Resumo dos conteúdos que serão apresentados no seminário
The success of a Convolutional Neural Network (CNN) mainly depends on its feature extractor (encoder). E.g., an encoder that successfully maps samples from distinct classes into separated subspaces of its output feature space can reduce the classifier’s depth into a single decision layer. However, training deep models with backpropagation from scratch requires considerable human effort in data annotation and hyperparameter adjustments, leaving unanswered questions, such as: How many annotated samples are required to train the model? What is the simplest model to solve the problem? Can we build the model layer by layer and explain its decisions? We have addressed such questions by combining semi-automated data annotation, information (data) visualization, and model construction layer by layer.
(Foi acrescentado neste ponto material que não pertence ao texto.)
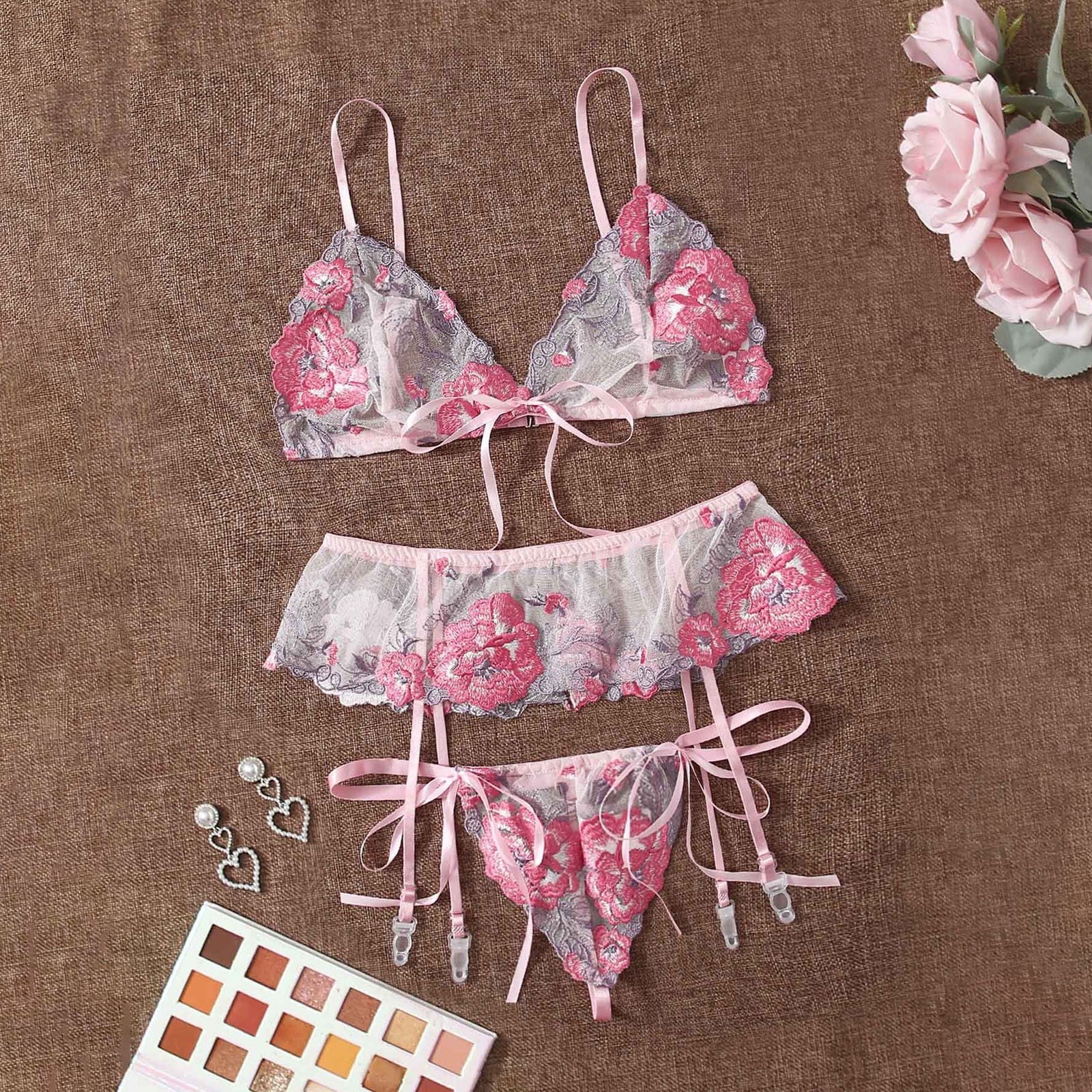 3PCS Sexy Bra Lingerie Sets Women Sexy Fashion Embroidery Bowknot Bra Lingerie Ladies Flower Lace Transparent Panty Garter Sets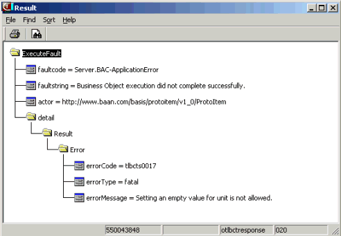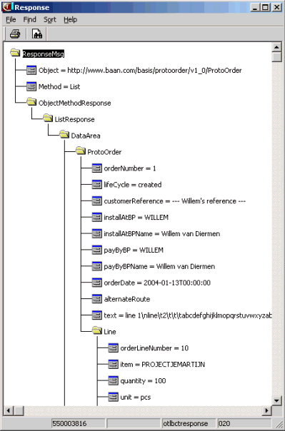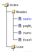 Folders (Business Object components) that repeat are identified with a special icon (Order and Line are repeating):
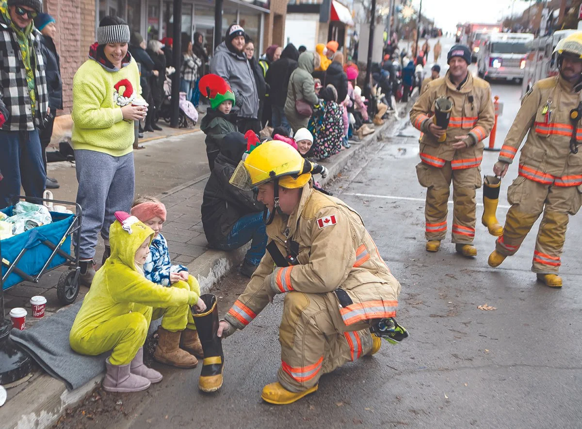 A young Santa Claus parade watcher drops money into a rubber boot for an Uxbridge Firefighters. The local firefighters traditionally open the Uxbridge parade with their impressive trucks, and several walk the street, boots in hand, collecting money for the food bank and other local charities. Threatening weather dampened few spirits at the parade, held last Saturday morning. Photo by John Cavers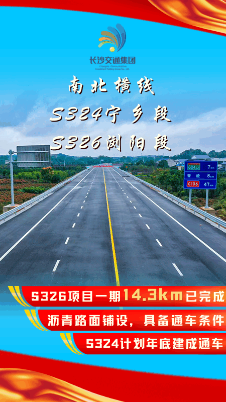 我们投资的又一重大交通基础建设项目——南北横线S324宁乡段、S326浏阳段,计划总投资10.6亿元。其中S326项目一期14.3km已完成沥青路面铺设,具备通车条件,S324计划年底建成通车。该项目是长沙两条东西向交通大通道,建成后将改善长沙东西向路网结构,进一步统筹城乡一体化发展、提升对外辐射能力。

This talk focus on the latter topic by presenting FLIM — Feature Learning from Image Markers. FLIM builds encoders from strokes drawn by the user on relevant regions of very few training images per class. By that, we aim to considerably reduce human effort in data annotation with more user control and understanding of the model. FLIM estimates the kernels of each convolutional layer from patches centered at the marked pixels and their activations in the previous layer. The process relies on patch clustering rather than backpropagation to select the most representative patches to activate similar regions in new images. The resulting CNN usually outperforms the same architecture trained from scratch by backpropagation. The talk presents results compared to deep models for image classification and segmentation problems and discusses the open problems in FLIM to motivate collaborations.